2358    The number of men and women who have deep-seated homosexual tendencies is not negligible. This inclination, which is objectively disordered, constitutes for most of them a trial. They must be accepted with respect, compassion, and sensitivity. Every sign of unjust discrimination in their regard should be avoided. These persons are called to fulfill God’s will in their lives and, if they are Christians, to unite to the sacrifice of the Lord’s Cross the difficulties they may encounter from their condition.


  1. Thank you Father for an accurate, objective & thruthful account. It is truly refreshing to be able to read his Holiness’ actual words with the question asked, as opposed to various subjective interpretations on Church teaching.

  2. Rosemary says:

    “Sins of youth”? Msgr. Ricca’s transgressions were the “sins of youth”? If this translation is correct, then the briefing was even worse than I thought. Giving Ricca a slap on the wrist sends a clear message that penance is pointless.

    I certainly forgive Msgr. Ricca but giving him this plummy position makes it look like her is being rewarded for, er, something. It is perplexing and makes it look like Pope Francis is trying to play both sides of the aisle.

  3. Um, where is that part of the catechism he mentions about their needing to be “integrated into society”? That’s actually, perhaps, quite a different perspective than what the catechism says: “Every sign of unjust discrimination in their regard should be avoided.” Arguably it is the same thing in fact; but, if nothing else, it’s the difference between ‘the glass half empty and half full.’

    Avoiding unjust discrimination is one thing. We can talk about different kinds of discrimination in that case. Only the unjust kind is bad. Which discriminations are unjust in relation to gays? Which are just?

    But their needing to be “integrated into society….”….that is to look at things differently. We are not just to ask, “is this kind of discrimination ok?” No; now we are to ask, “is this action consistent with their being integrated into society?” And that, I think, opens the door to DISallowing some kinds of discrimination, even if such discrimination is appropriate.

    And, I can’t say if that is a good or a bad thing.
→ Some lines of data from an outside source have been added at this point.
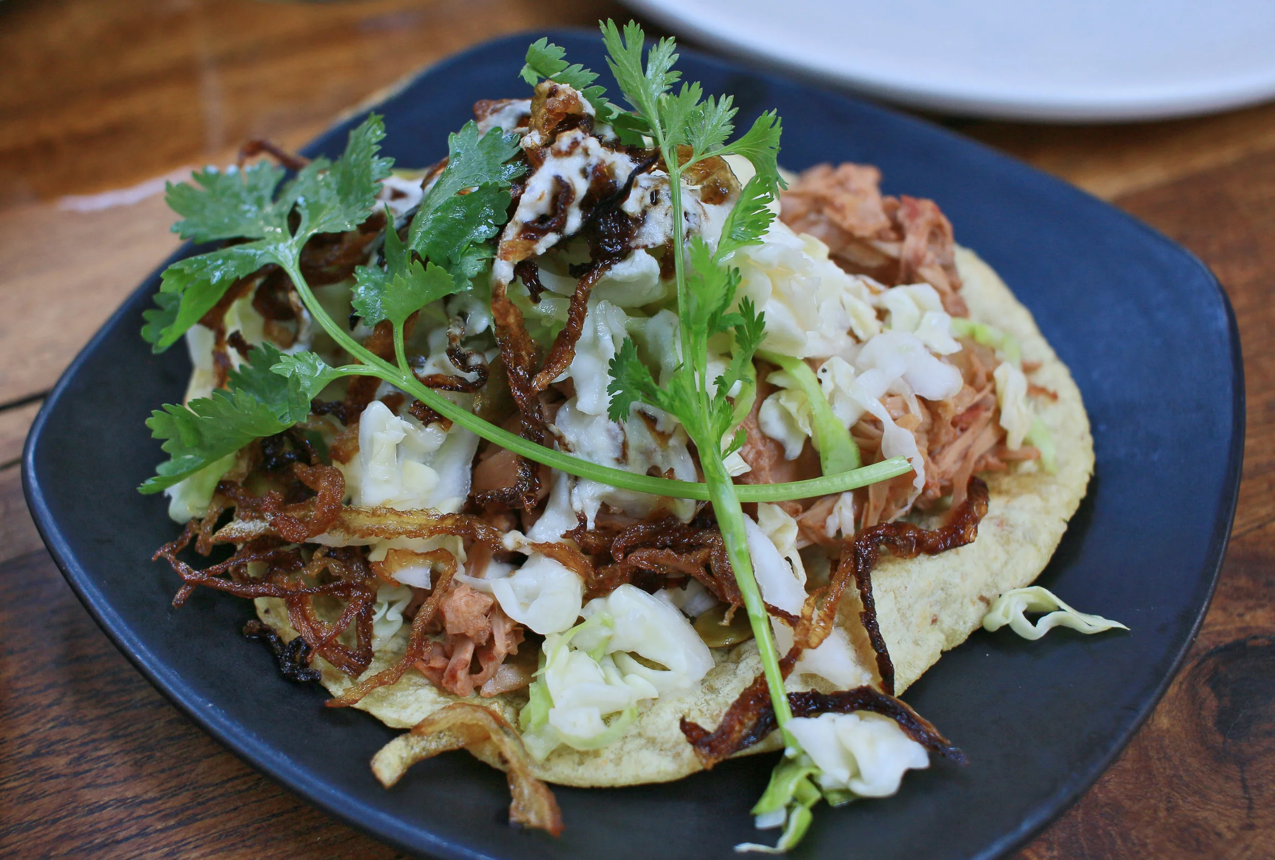 Barbecue Jackfruit Carnitas Taco: cashew crema, pickled cabbage, crispy onions
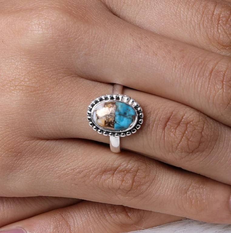 High Quality 925 Sterling Silver Ring Simple Solid Design Oval Setting Beaded Genuine Mohave Oyster Copper Turquoise Fine Rings
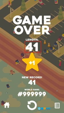 3、游戏结束后,界面会显示GAME OVER,本次行驶的距离为41,得到1星奖励,新纪录也会同步更新,你可以点击重新开始按钮继续进行挑战。

But I know the liberals are thrilled by what they think it means.

  4. Lisa De Ruyter says:

    I think this will help us better understand these priest who are a priest forever and what the Pope is doing here…….quote: “The text, which was approved by Pope Benedict at the end of August, says that homosexual men should not be admitted to seminaries even if they are celibate, because their condition suggests a serious personality disorder which detracts from their ability to serve as ministers.

    Priests WHO HAVE ALREADY BEEN ordained, if they suffer from homosexual impulses, are strongly urged to RENEW their dedication to chastity, and a manner of life appropriate to the priesthood. ” http://www.ewtn.com/vnews/getstory.asp?number=60630

  5. Lisa De Ruyter says:

    I think that Pope Francis was saying that the so called gay people, might have to fight tendencies, but the are still our “brothers”…and God doesn’t identify them as being gay (for that is what the church teaches). For God created us male and female, children of God, heirs of heaven. Referring to the Pope’s words here: quote: “I have yet to find on a Vatican identity card the word gay.” For instance though, the Pope invites all the divorced and remarried people (our brother’s and sisters) to come to Mass, but he instucts them not to receive Holy Communion, because he knows they are not in the state of grace. I am sure if these so called, gay people were so called married, he would tell them also to not receive, because this would also indicate, that they are in grave sin. http://saltandlighttv.org/blog/world-youth-day/a-note-on-the-popes-remarks-to-journalists-en-route-to-rome

  6. David Brandt says:

    The fact that the press is running with one aspect of church teaching is good.